27:2 In some places the singular number is used, in others the plural.

28:1 The whirlwind demon; see Bd. XXVIII, 24. Compare Chap. IV, 61.

28:2 The usual effects of a hurricane.

28:3 The mingling of milk with pounded Hôm still constitutes part of the Parsi ceremonial; see Haug's Essays, 3rd ed., p. 405.

28:4 Pahl. 'kolâ 2 lâlâ fratûm vapdîdŏ havând.'

29:1 Reading anâg, but it may be intended for hanâ = aê, 'O.'

29:2 Pahl. 'afshân madam hâr suftŏ, aêghshânŏ pavan akôsh frâz vabîdûntô.'

29:3 Evidently an old proverb, implying a fixed determination whatever catastrophe may happen, even if one's ancestors of the eleventh or twelfth generation shall appear. Nôdar (Av. Naotara) was a son of King Mânûskîhar (Bd. XXXI, 13, 23), and Râk was a nephew of Nôdar (Bd. XXXI, 31), doubtless the same as Ragan (Bd. XXXII, 1; XXXIII, 3) which seems to be a Pâzand misreading of Aîrikŏ, or Êrikŏ, see Zs. XVI, 11-13, and compare the genealogies in Chap. II, 70 and Zs. XIII, 6. The proverb is used again in Chap. III, 19, and the names are mentioned in III, 39.

30:1 Compare Zs.

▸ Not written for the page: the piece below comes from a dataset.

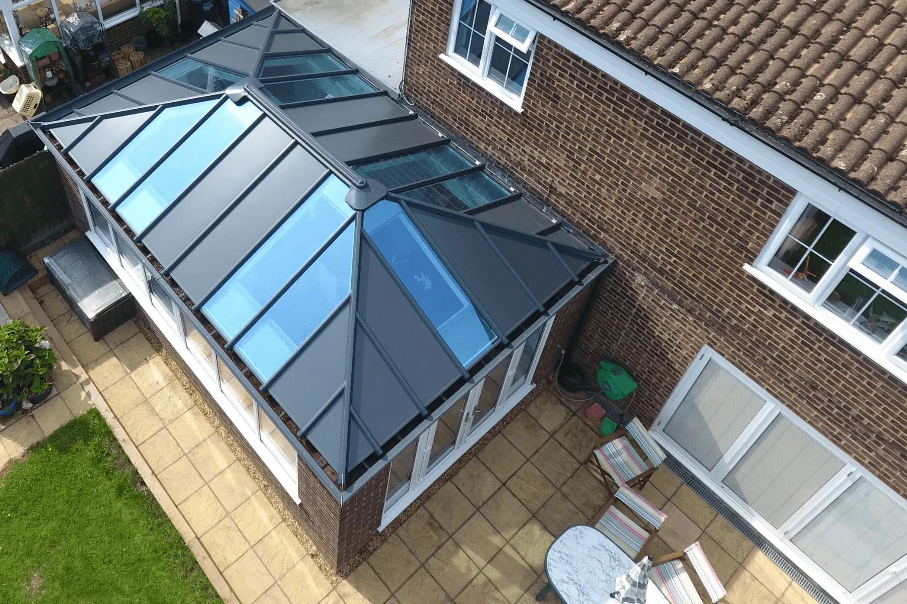 Livinroof is a solid roof system that combines the best of both solid and glass conservatory roofs, allowing you to position shaped glazing almost anywhere in the roof to create stunning designs not possible with other solid roof systems on the market. Ultraroof is a tiled conservatory roof that looks outstanding and provides incredible thermal performance.

XIV, 2-5.

30:2 Literally 'going.'

30:3 Apparently an appeal for mercy.

31:1 Assuming that nîram stands for nîrâ, a variant of nûrâ.

31:2 Or 'terrified with fear.'

32:1 This legend is also told, with further details, in Zs. XII, 7-25.

32:2 Compare Zs. XII, 10.

32:3 The mother of Dahâk, who first committed adultery in an aggravated form (see Dd. LXXII, 5; LXXVIII, 2).

33:1 Pahl. tôrâ-î aêvak-dâdŏ, the primeval ox, from whom the animals and plants have all descended (see Bd. III, 14, 17, 18; IV. 1-5; X, 1; XIV, 1-3; XXVII, 2).

33:2 The same person as Frangrâsîyâk of Chaps. I, 31, 39; II, 69; XI, 3.

33:3 In Yt. XIX, 56-62; V, 42.

34:1 See Yt. XI-X, 82.

34:2 Compare the genealogy in Zs. XIII, 6; Bd. XXXII, 1, and that quoted there from the Vigîrkard-i Dênîg. The names marked here with an asterisk are written in Pâzand, or partly so.

34:3 Ayazem, of Ragan, in Bd. The latter name is Ragisn in Vig., but Êrikŏ in Zs. XVI, 13.

34:4 This wants confirmation, but varzîd bên can hardly be a name as assumed in Vig., where it is altered to Varzîd-dên.

34:5 The g is of the old form like s.

34:6 The G is omitted, but see Bd. XXXI, 14.

34:7 Or Kûtâl-tôrâ; this generation is omitted both in the Vigîrkard and Bundahis.

34:8 This generation is interlined in the MS. of the Dînkard. The Bundahis, XXXI, 7, also omits Nêvak-tôrâ; and the Vigîrkard omits Bôr-tôrâ, Sîyah-tôrâ, Spêtô-tôrâ, and Ramak-tôrâ. The termination tôrâ is merely the Zvâris equivalent of gau. In Irânian MSS. the Pahlavi î and û are practically written alike in most cases.